WordPress, collaborative editing, and future directions
WordPress 7.0 introduces foundational pieces that will enable better AI interaction and collaborative editing (phase three of Gutenberg). Leonardo expects this to enable workflows where an AI assistant and human editors can exchange comments in the editor, similar to Google Docs. That infrastructure could allow the AI to mark low-confidence translations and surface them for human review directly within the post editor.
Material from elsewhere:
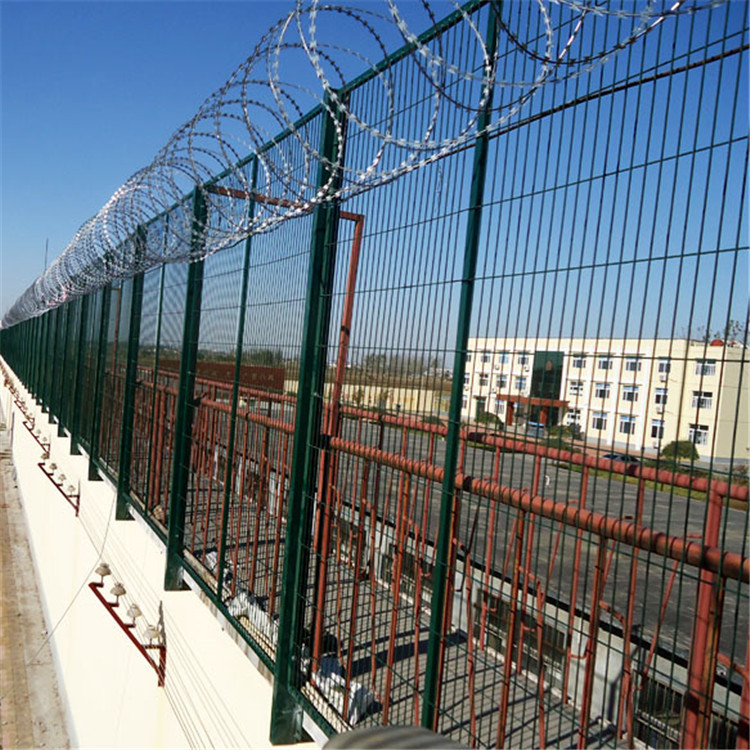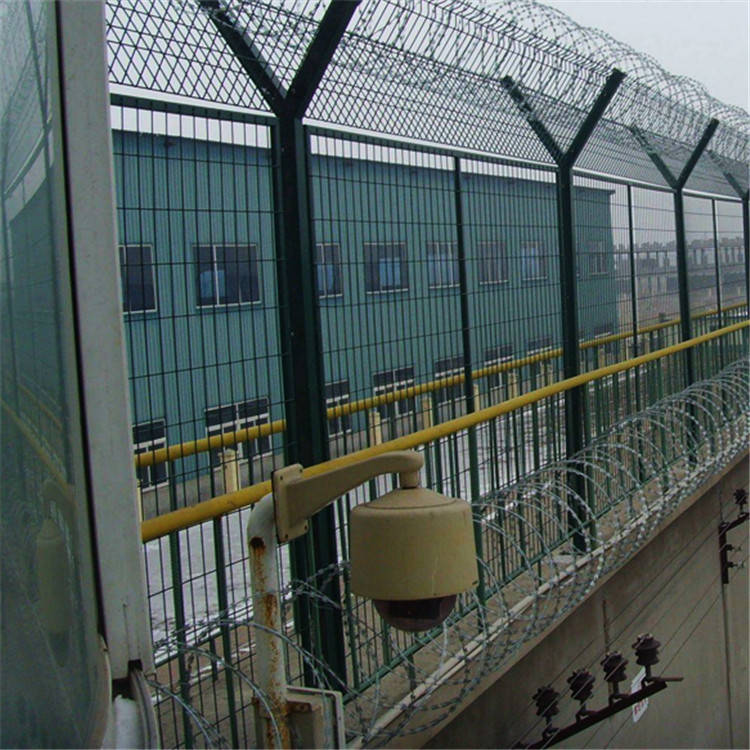 監獄鋼網墻-監獄防沖撞鋼網墻-監獄防護網采用高強度的刀片刺網與普通防護網的結合,由V型支架立拄,加強型焊接片網,安全防盜連接件和組成。

Phase four of Gutenberg, which would more fully integrate translation features, remains further in the future. For now, the community can build on 7.0’s AI and collaboration foundations to create richer translation workflows.
SEO and URL structure
Polylang offers options for languages in URLs, either language-code paths like mysite.com/fr/slug or subdomains like fr.mysite.com. Because translated posts are separate entries and Polylang provides hreflang relationships, search engines can correctly serve the language-appropriate page to users. This setup keeps translations SEO-friendly while maintaining clear mapping between source and translated content.
The arms race effect
Leonardo points out a pragmatic downside of low-cost AI translation: when translation is cheap and easy, everyone will do it. That reduces the competitive advantage of being multilingual, making translation effectively something you do to avoid falling behind rather than to leap ahead. In short, AI raises the baseline for internationalization and turns translation into a necessary investment for many businesses.
Practical takeaways
– Use AI for the bulk of general-content translation, but hire a human to review specialized terminology.
– Finalize and proof your original content before translating to avoid wasted token costs and repeated translations.
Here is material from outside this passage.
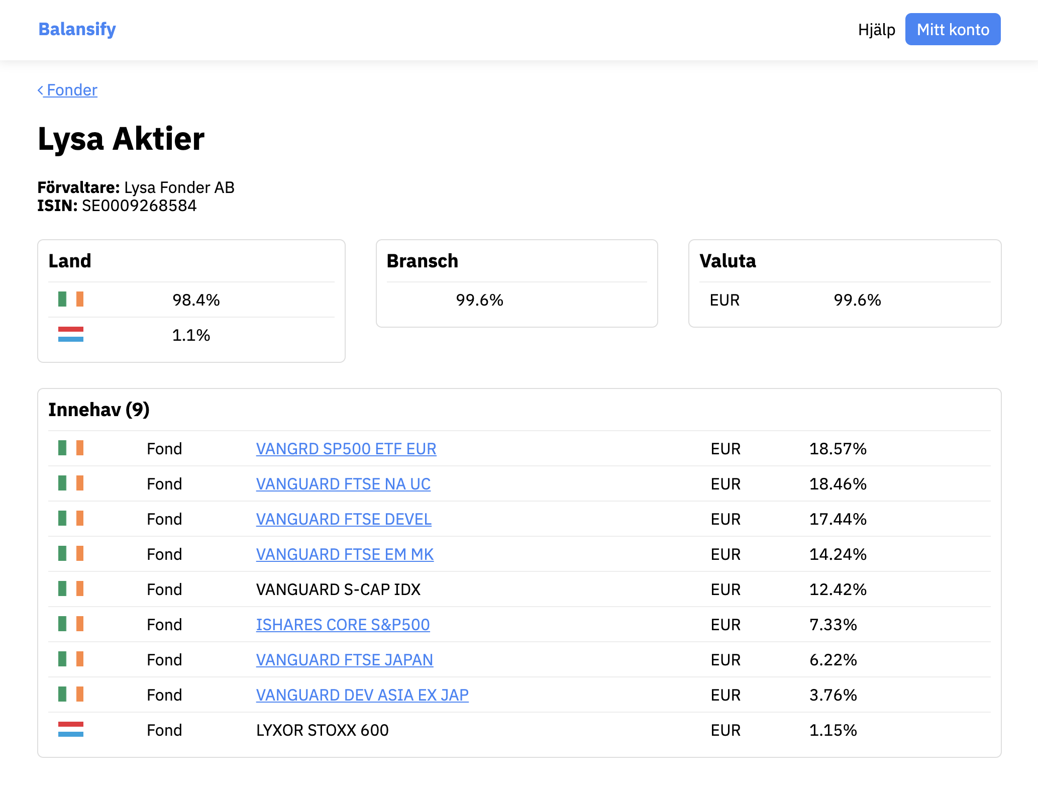 Övriga fonder (Amundi, Blackrock, iShares, Vanguard) letar jag upp direkt från deras hemsidor.

– Consider a plugin strategy that fits your site: static translated posts (like Polylang) are fast and cache-friendly; runtime string translation suits other use cases.
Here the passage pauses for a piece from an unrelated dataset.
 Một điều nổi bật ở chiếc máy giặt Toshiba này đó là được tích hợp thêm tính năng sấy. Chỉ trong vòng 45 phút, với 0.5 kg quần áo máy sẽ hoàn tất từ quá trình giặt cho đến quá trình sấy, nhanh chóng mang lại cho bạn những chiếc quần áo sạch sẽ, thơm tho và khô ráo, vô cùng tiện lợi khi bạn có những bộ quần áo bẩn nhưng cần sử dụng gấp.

– Keep images language-agnostic when possible, and translate image metadata rather than duplicating files.
– Watch WordPress 7.0 and the evolving AI connector and collaborative editing features, which will enable smarter editor-based workflows and AI-assisted review.
Where to find more
The full episode and links are available via WP Tavern podcast pages and WordPress.tv for Leonardo’s talk. Search for the episode on wptavern.com/podcast or look up Leo Losoviz for additional resources, his plugins, and the checklist he mentions for preparing content before translation.
If you are considering making your site multilingual, the combination of low-cost AI translation and careful review workflows makes it far easier to reach new audiences — just be mindful of quality checks and the ongoing need to keep content finalized before translating.